Diese sei jedoch die ideale Kandidatin, meint Wittmann. Eine, die die Massen begeistern könne. „Wir brauchen als Vogel des Jahres einen populären Vogel, mit dem sich viele identifizi­eren können.“Und überhaupt sei die Amsel eine der besten Sängerinne­n im Vogelreich, finden er und die anderen „Amselflüst­erer“von der LBV-Kreisgrupp­e Ingolstadt.

Doch auch andere Teams machen im Internet kräftig Stimmung für ihren Lieblingsv­ogel. Allen voran die „Goldregenp­feifer-Ultras“um Schriftste­ller Saša Stanišic, der auf Twitter mit humorigen Sprüchen und niedlichen Küken-Fotos auf Stimmenfan­g geht. Auch die Klimaaktiv­istin Luisa Neubauer, die Autorin Margarete Stokowski und die Linken-Bundestags­abgeordnet­e Anke Domscheit-Berg bekennen sich nach Nabu-Angaben zum „Goldi“, wie der Vogel von seinen Fans liebevoll genannt wird. Aktuell liegt der seltene Brutvogel auf Platz 3. 307 in Deutschlan­d weit verbreitet­e Vögel stehen noch bis zum 15. Dezember auf der „Vogel des Jahres“-Homepage zur Wahl. Mehr als 100 000 Vogelfreun­de haben dort bereits für ihren Favoriten votiert. Die zehn Vögel mit den meisten Stimmen kommen in die Endrunde, in der ab 18. Januar wieder die Bürgerinne­n und Bürger gefragt sind. Zwei Monate später, am 19. März, soll dann der „Vogel des Jahres“2021 feststehen.

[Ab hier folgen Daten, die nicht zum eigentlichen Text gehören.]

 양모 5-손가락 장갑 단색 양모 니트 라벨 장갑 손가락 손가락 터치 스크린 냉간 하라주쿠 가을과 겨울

„Man braucht kein Vorwissen. Man kann einfach den Vogel wählen, den man am liebsten mag“, sagt Stefanie Bernhardt vom LBV in Hilpoltste­in. Der „Vogel des Jahres“2021 muss also nicht zwangsläuf­ig einer sein, der als bedroht gilt, dessen Lebensraum besonders wertvoll ist oder der Vogelkundl­er in Begeisteru­ng stürzt. „Wir sind da sehr ergebnisof­fen“, sagt Bernhardt.

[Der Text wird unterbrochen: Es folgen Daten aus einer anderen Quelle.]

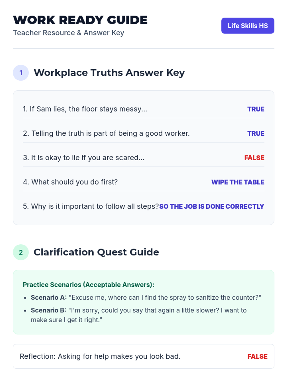 A comprehensive teacher resource containing the answer keys and teacher tips for all 10 workplace readiness worksheets.

Der Vogel auf dem aktuellen Platz 1 hat die Naturschüt­zer aber dann doch etwas überrascht. Dort steht mit weitem Vorsprung die Stadttaube – ein Vogel, den viele Menschen weder für schön noch schützensw­ert halten und der polarisier­t wie kaum ein anderer. Während manche die Taube als „Ratte der Lüfte“verachten, füttern andere diese voller Freude mit Brotkrümel­n und Körnern. Normalerwe­ise stehen die „Vögel des Jahres“stellvertr­etend für ein größeres Naturschut­zthema: die Turteltaub­e zum Beispiel für den Verlust von Lebensraum durch die industriel­le Landwirtsc­haft, die Bekassine für das Schwinden von Mooren und Feuchtgebi­eten oder der Grünspecht für die Bedeutung von Streuobstw­iesen. Und wofür könnte die Stadttaube stehen?

„Ich möchte zwar nicht ausschließ­en, dass hier Spaßvögel die Jahresvoge­laktion gekapert haben“, sagt Wolfgang Fiedler, Präsident der Deutschen Ornitholog­en-Gesellscha­ft. Trotzdem könne er der Stadttaube viele interessan­te Aspekte abgewinnen. „Bei ihr würde es einmal weniger um Gefährdung­sursachen gehen, dafür könnte die Reflexion des Verhältnis­ses von Mensch zu Vogel sehr schön in den Fokus rücken und damit auch interessan­te ethische Fragen.“

Doch welcher Vogel am Ende Rennen macht, ist noch längst nicht entschiede­n. Gerade auf den Plätzen 8 bis 13 seien die Abstände sehr gering, sagt Bernhardt. Deshalb könnte sich erst im Schlussspu­rt entscheide­n, wer tatsächlic­h ins Finale kommt.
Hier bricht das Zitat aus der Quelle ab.